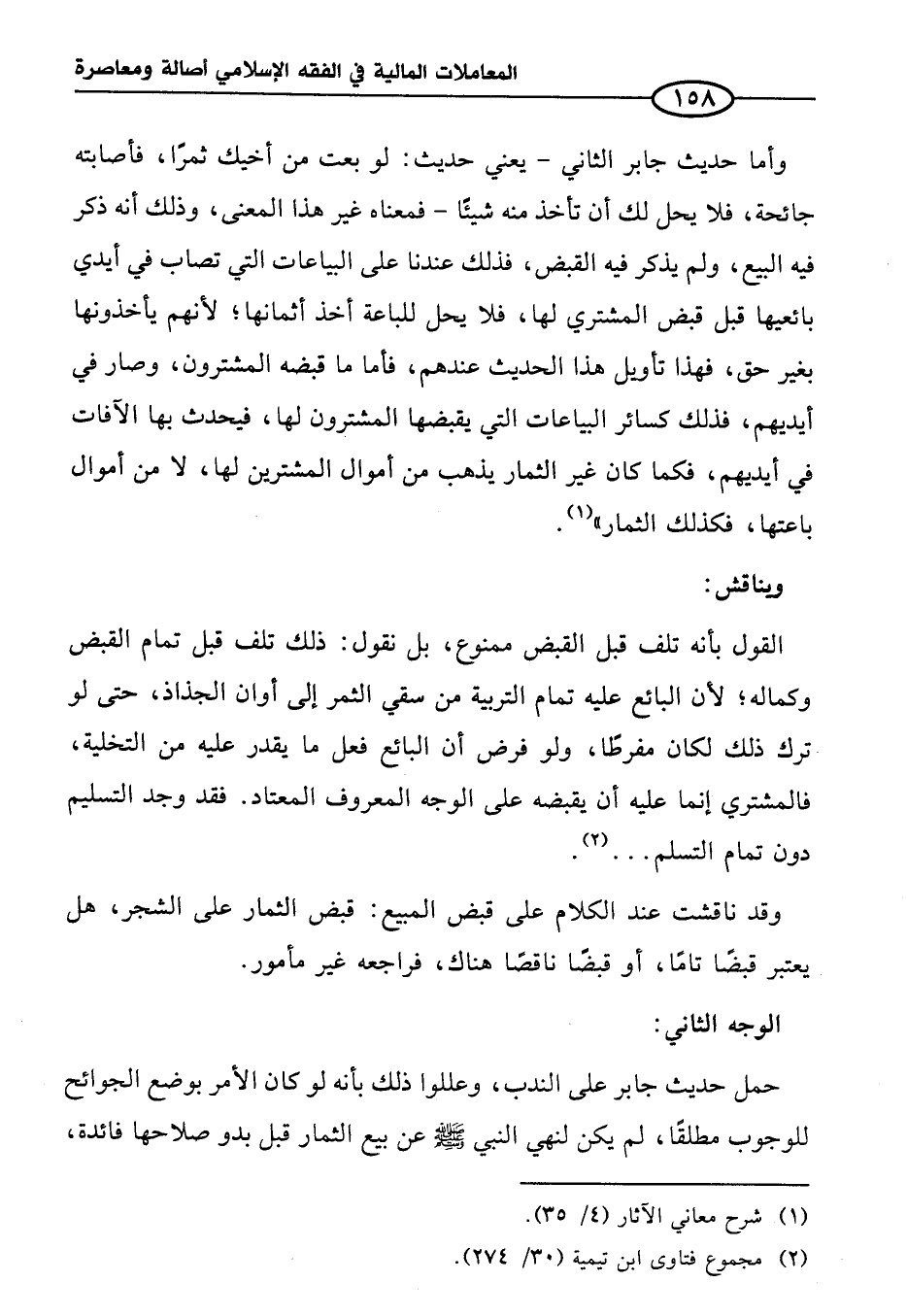 وأما حديث جابر الثاني -يعني حديث: لو بعت من أخيك ثمرًا، فأصابته جائحة، فلا يحل لك أن تأخذ منه شيئًا - فمعناه غير هذا المعنى، وذلك أنه ذكر فيه البيع، ولم يذكر فيه القبض، فذلك عندنا على البياعات التي تصاب في أيدي بائعيها قبل قبض المشتري لها، فلا يحل للباعة أخذ أثمانها؛ لأنهم يأخذونها بغير حق، فهذا تأويل هذا الحديث عندهم، فأما ما قبضه المشترون، وصار في أيديهم، فذلك كسائر البياعات التي يقبضها المشترون لها، فيحدث بها الآفات في أيديهم، فكما كان غير الثمار يذهب من أموال المشترين لها، لا من أموال باعتها، فكذلك الثمار" (¬١).
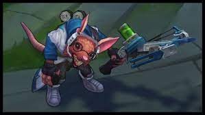 자운에서 알아주는 악당이라는 트위치의 원 배경과는 달리 삼성 갤럭시 화이트 트위치는 똘망똘망한 눈매와 큰 뱅뱅이 안경을 착용하고 있으며 에너지 드링크로 추정되는 음료를 석궁에 매달아두고 귀환 시에는 협곡 바닥을 열심히 굴러다니고 있죠.
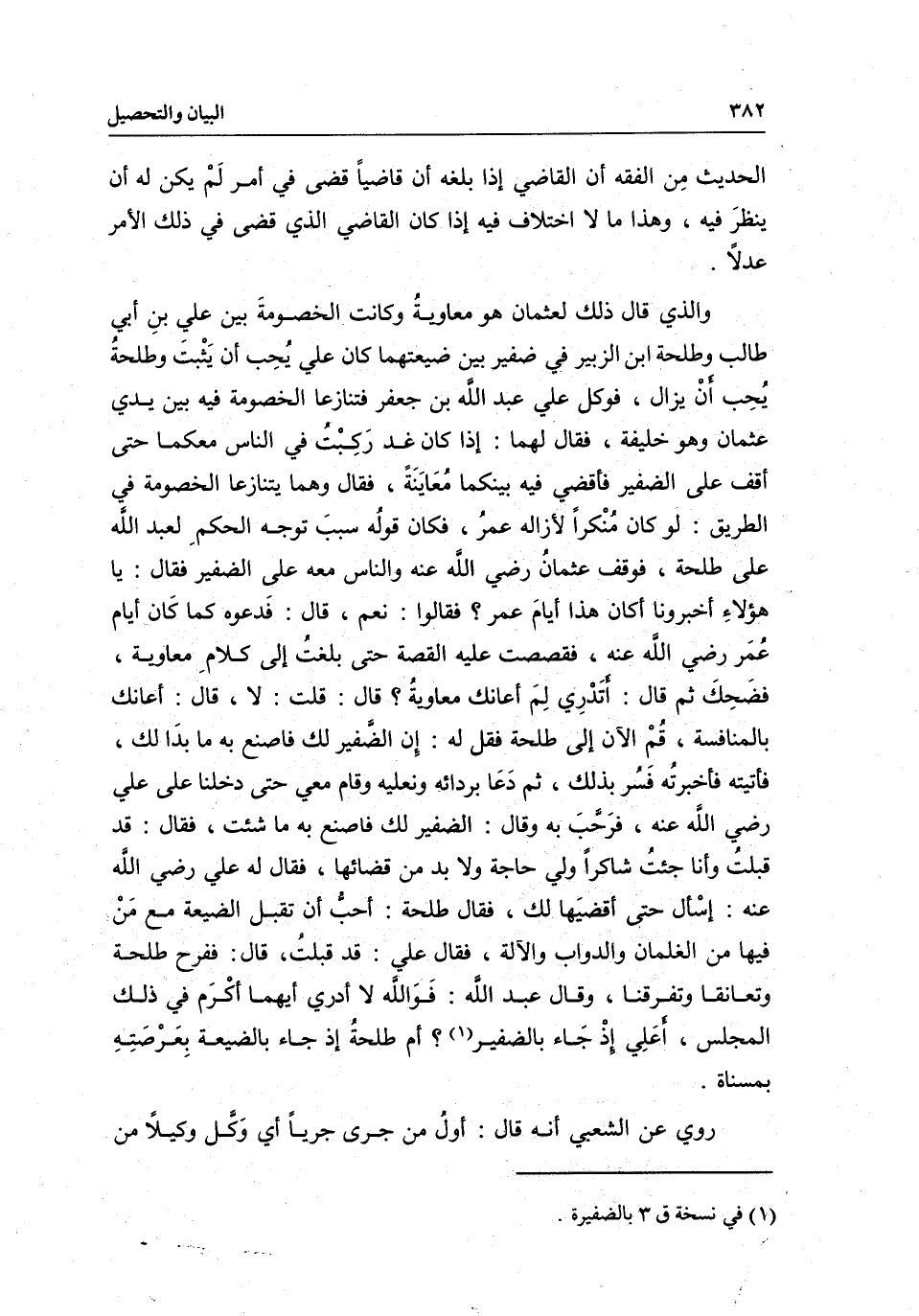 والذي قال ذلك لعثمان هو معاوية، وكانت الخصومة بين علي بن أبي طالب وطلحة ابن الزبير في ضفير بين ضيعتهما كان علي يحب أن يثبت وطلحة يحب أن يزال، فوكل علي عبد الله بن جعفر فتنازعا الخصومة فيه بين يدي عثمان وهو خليفة، فقال لهما: إذا كان غد ركبت في الناس معكما حتى أقف على الضفير فأقضي فيه بينكما معاينة، فقال وهما يتنازعا الخصومة في الطريق: لو كان منكرا لأزاله عمر، فكان قوله سبب توجه الحكم لعبد الله على طلحة، فوقف عثمان - رَضِيَ اللَّهُ عَنْهُ - والناس معه على الضفير فقال: يا هؤلاء أخبرونا أكان هذا أيام عمر؟ فقالوا: نعم، قال: فدعوه كما كان أيام عمر - رَضِيَ اللَّهُ عَنْهُ -، فقصصت عليه القصة حتى بلغت إلى كلام معاوية، فضحك ثم قال: أتدري لم أعانك معاوية؟ قال: قلت: لا، قال: أعانك بالمنافسة، قم الآن إلى طلحة فقل له: إن الضفير لك فاصنع به ما بدا لك، فأتيته فأخبرته فسر بذلك، ثم دعا بردائه ونعليه وقام معي حتى دخلنا على علي - رَضِيَ اللَّهُ عَنْهُ -، فرحب به وقال: الضفير لك فاصنع به ما شئت، فقال: قد قبلت وأنا جئت شاكرا ولي حاجة ولا بد من قضائها، فقال له علي - رَضِيَ اللَّهُ عَنْهُ -: اسأل حتى أقضيها لك، فقال طلحة: أحب أن تقبل الضيعة مع من فيها من الغلمان والدواب والآلة، فقال علي: قد قبلت، قال: ففرح طلحة وتعانقا وتفرقنا، وقال عبد الله: فوالله لا أدري أيهما أكرم في ذلك المجلس، أعلي إذ جاء بالضفير؟ أم طلحة إذ جاء بالضيعة بعرصته بمسناة.
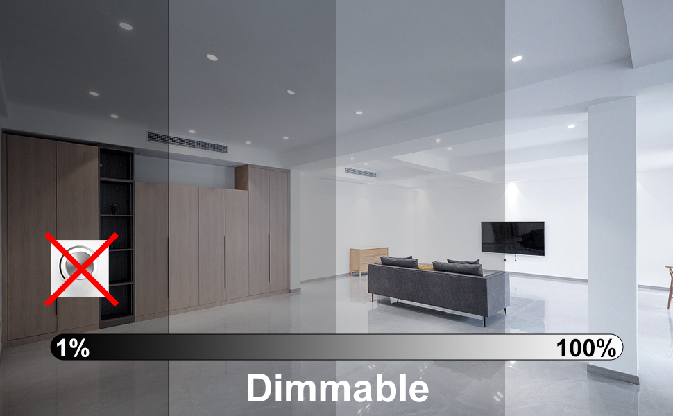 SikSog Smart Recessed Lighting is 1%-100% smooth dimmable. The dimming process is flicker-free, silent, smooth and has an instant start.
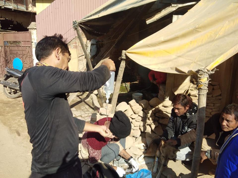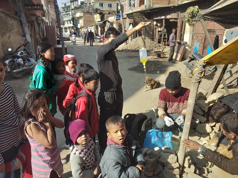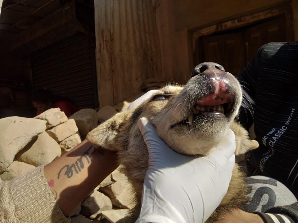 Treated a dog having Tumor in his nose this afternoon at Jalbinayak, Pulchowk after we got a rescue report by Mr. Deepen. It will take a month or more to heal the tumor as we have already started a therapy on the dog.

• • • • •

• **PROBLEM DETAILS**:
With the pictures removed, return the data above word for word.

• **PROBLEM SOLUTION**:
 وأما حديث جابر الثاني -يعني حديث: لو بعت من أخيك ثمرًا، فأصابته جائحة، فلا يحل لك أن تأخذ منه شيئًا - فمعناه غير هذا المعنى، وذلك أنه ذكر فيه البيع، ولم يذكر فيه القبض، فذلك عندنا على البياعات التي تصاب في أيدي بائعيها قبل قبض المشتري لها، فلا يحل للباعة أخذ أثمانها؛ لأنهم يأخذونها بغير حق، فهذا تأويل هذا الحديث عندهم، فأما ما قبضه المشترون، وصار في أيديهم، فذلك كسائر البياعات التي يقبضها المشترون لها، فيحدث بها الآفات في أيديهم، فكما كان غير الثمار يذهب من أموال المشترين لها، لا من أموال باعتها، فكذلك الثمار" (¬١).
 자운에서 알아주는 악당이라는 트위치의 원 배경과는 달리 삼성 갤럭시 화이트 트위치는 똘망똘망한 눈매와 큰 뱅뱅이 안경을 착용하고 있으며 에너지 드링크로 추정되는 음료를 석궁에 매달아두고 귀환 시에는 협곡 바닥을 열심히 굴러다니고 있죠.
 والذي قال ذلك لعثمان هو معاوية، وكانت الخصومة بين علي بن أبي طالب وطلحة ابن الزبير في ضفير بين ضيعتهما كان علي يحب أن يثبت وطلحة يحب أن يزال، فوكل علي عبد الله بن جعفر فتنازعا الخصومة فيه بين يدي عثمان وهو خليفة، فقال لهما: إذا كان غد ركبت في الناس معكما حتى أقف على الضفير فأقضي فيه بينكما معاينة، فقال وهما يتنازعا الخصومة في الطريق: لو كان منكرا لأزاله عمر، فكان قوله سبب توجه الحكم لعبد الله على طلحة، فوقف عثمان - رَضِيَ اللَّهُ عَنْهُ - والناس معه على الضفير فقال: يا هؤلاء أخبرونا أكان هذا أيام عمر؟ فقالوا: نعم، قال: فدعوه كما كان أيام عمر - رَضِيَ اللَّهُ عَنْهُ -، فقصصت عليه القصة حتى بلغت إلى كلام معاوية، فضحك ثم قال: أتدري لم أعانك معاوية؟ قال: قلت: لا، قال: أعانك بالمنافسة، قم الآن إلى طلحة فقل له: إن الضفير لك فاصنع به ما بدا لك، فأتيته فأخبرته فسر بذلك، ثم دعا بردائه ونعليه وقام معي حتى دخلنا على علي - رَضِيَ اللَّهُ عَنْهُ -، فرحب به وقال: الضفير لك فاصنع به ما شئت، فقال: قد قبلت وأنا جئت شاكرا ولي حاجة ولا بد من قضائها، فقال له علي - رَضِيَ اللَّهُ عَنْهُ -: اسأل حتى أقضيها لك، فقال طلحة: أحب أن تقبل الضيعة مع من فيها من الغلمان والدواب والآلة، فقال علي: قد قبلت، قال: ففرح طلحة وتعانقا وتفرقنا، وقال عبد الله: فوالله لا أدري أيهما أكرم في ذلك المجلس، أعلي إذ جاء بالضفير؟ أم طلحة إذ جاء بالضيعة بعرصته بمسناة.
 SikSog Smart Recessed Lighting is 1%-100% smooth dimmable. The dimming process is flicker-free, silent, smooth and has an instant start.
 Treated a dog having Tumor in his nose this afternoon at Jalbinayak, Pulchowk after we got a rescue report by Mr. Deepen. It will take a month or more to heal the tumor as we have already started a therapy on the dog.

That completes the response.